Advanced file management
Let's imagine a situation where we have several data sets that are spread out in folders, and there may also be garbage in the folders (pictures with funny raccoons, text documents). I would like to be able to find the necessary files for later work with them. The problem is that Julia implements only basic work with files - <https://engee.com/helpcenter/stable/ru-en/julia/base/file.html >, which is clearly insufficient for such a task.
In this post, I will make a smarter tool for working with files using a data structure known as a tree.
Creating a tree
Let's observe that the structure of directories and files is strikingly similar to a tree. Trees in programming are a data structure that describes a special kind of graphs. In such graphs, all nodes except the "root" have one parent.:
Optimal algorithms for graph traversal and graph modification are known for such graphs, and they are often already implemented. My idea is as follows: to represent the contents of a folder and its subfolders as a tree, each node of which will be a file or folder. Each node will store separately the path, name, extension, date and time of creation and modification, as well as the folder attribute. And in order to organize the tree structure, I will store the "descendants" of this node.:
using Dates
struct FileTreeNode
path::String
name::String
ext::String
isdir::Bool
created::DateTime
modified::DateTime
children::Vector{FileTreeNode}
end
This way, I will be able to traverse the tree of files and folders much easier and faster than if I were using the Julia standard library.
To get the date and time when the file was created and modified, as well as to get the file name, path, and extension, I will write additional functions:
function get_metadata(path::String)
st = stat(path)
created = unix2datetime(st.ctime)
modified = unix2datetime(st.mtime)
return created, modified
end
function split_name_ext(path::String)
name = basename(path)
base, ext = splitext(name)
return base, ext
end
Growing a tree
The necessary data structures and auxiliary functions have been created, and you can proceed to the implementation of the directory structure tree.
Let's create a function that will receive the creation and modification time of a file or folder, the name and extensions for a certain path. Next, using readdir we will get a list of files and folders inside the current folder.
We will repeat the same operation for each of the detected folders. That is, our function will call itself. This technique is called recursion.
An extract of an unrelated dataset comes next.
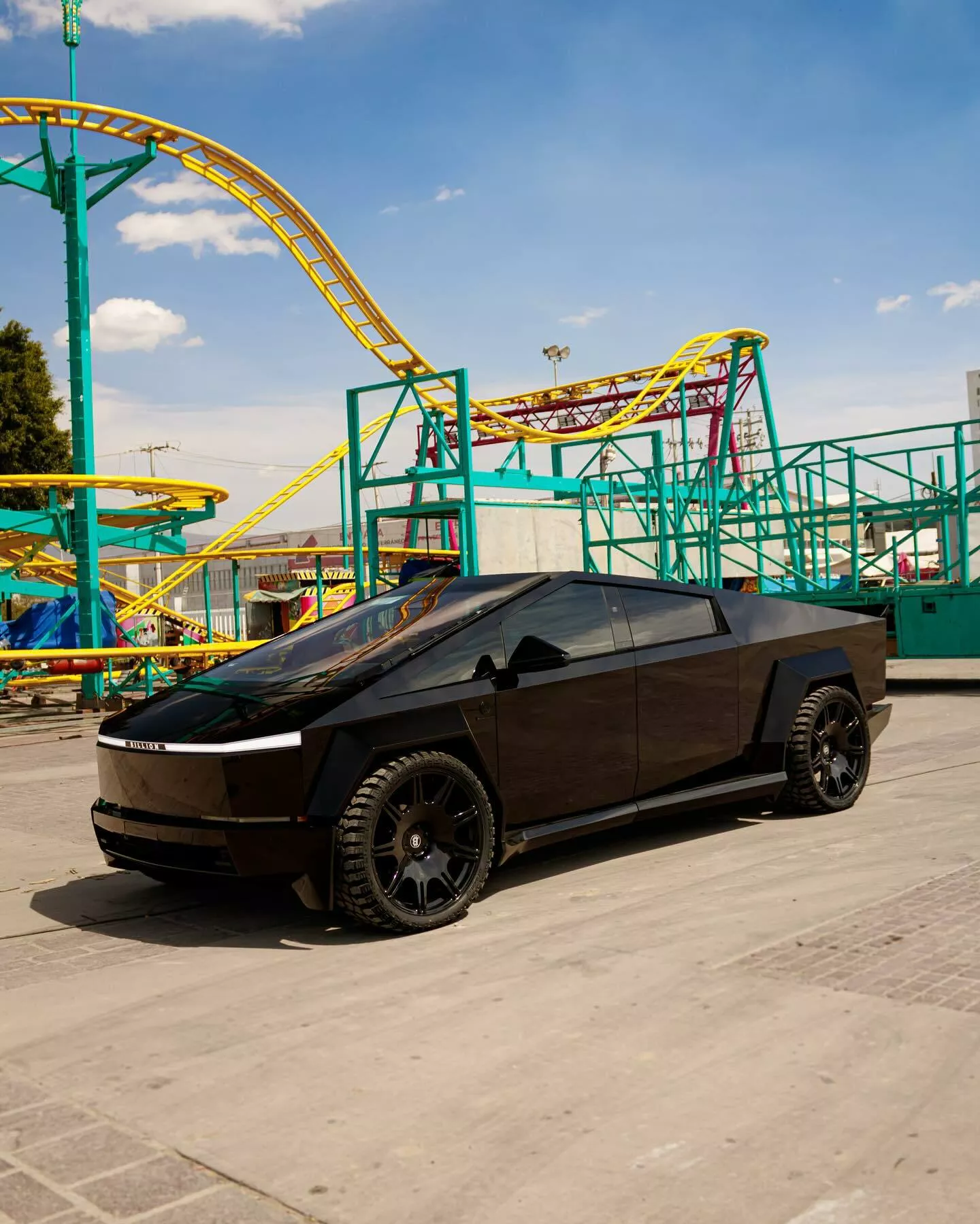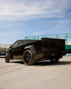 A Billion revestiu os painéis de aço inoxidável com um revestimento preto brilhante que – para nossa surpresa – combina muito bem com o Cybertruck. Em seguida, aparafusou um conjunto de arcos alargados e, embora a empresa não tenha mencionado as dimensões, eles certamente parecem mais largos do que o kit widebody construído pela Waido.

Let's add one more limitation to our function: the search depth. This restriction will limit the nesting level of folders to crawl and speed up tree building.
As a result of this function, we get a tree node.
function build_tree(path::String; maxdepth=typemax(Int), depth=0)
is_dir = isdir(path)
name, ext = split_name_ext(path)
created, modified = get_metadata(path)
if is_dir && depth < maxdepth
entries = readdir(path; join=true)
children = [
build_tree(e; maxdepth, depth=depth+1)
for e in sort(entries)
]
else
children = FileTreeNode[]
end
return FileTreeNode(path, name, ext, is_dir, created, modified, children)
end
Next, we will simplify the task of visualizing the tree using the AbstractTrees.jl library. We will define two new functions for our tree:
- children() - to get the descendants of a tree node
- printnode() - to display the node on the screen
import Pkg
Pkg.add("AbstractTrees")
import AbstractTrees: children, printnode
children(node::FileTreeNode) = node.children
function printnode(io::IO, node::FileTreeNode)
if node.isdir
print(io, "📁 ", node.name)
else
print(io, "📄 ", node.name, node.ext)
end
end
Ready! Let's check that the tree is going to:
tree = build_tree(@__DIR__,maxdepth=1)
using AbstractTrees: print_tree
print_tree(tree)
Putting the tree into practice
Let's glue together 3 datasets located in the DataDepot folder.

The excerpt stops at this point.